Na lógica interna do sonho, quem se comunicava conosco era o próprio vírus, ou talvez a entidade responsável pela sua existência.

Suspeito que Bernardo Soares me apareceu no segundo sonho para me ajudar a compreender o primeiro. Se eu não tivesse anotado as frases, ou se não tivesse encontrado o papel onde tomei as notas, teria perdido todo o sonho. Inquieta-me pensar que isso pode ter sucedido e eu nunca conseguirei saber o fim. Em todo o caso, fico com a terrível impressão de que os meus sonhos, tentando explicar a realidade, são mais credíveis do que esta. 

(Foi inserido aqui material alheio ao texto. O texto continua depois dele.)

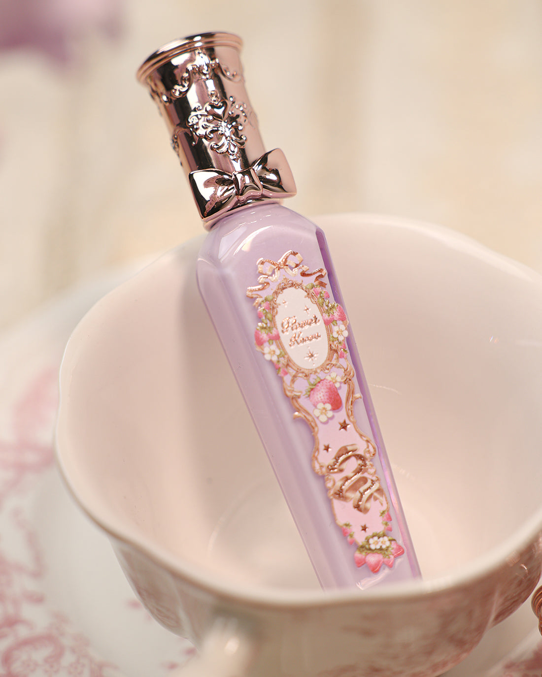 Discover Violet Strawberry Rococo, a limited edition lip gloss inspired by vintage perfume bottles and the elegance of the Rococo era. Its exquisite dual-layered acrylic packaging is both delicate and travel-friendly, with a unique violet hue that adds a touch of romance and exclusivity.

Ora, quase sempre aquilo que nos parece claro e coerente durante um sonho se revela, no momento em que despertamos, ridiculamente absurdo. Se nos fosse possível (talvez seja) despertar da realidade em que vivemos para uma outra, um grau acima desta, isto é, mais lúcida do que esta, provavelmente experimentaríamos um idêntico sentimento. O problema é quando as fronteiras entre sonho e realidade se começam a esbater.

Mau, mau mesmo, é quando os sonhos nos parecem mais lúcidos do que a realidade. Ou é a realidade que está se desmanchando — ou somos nós.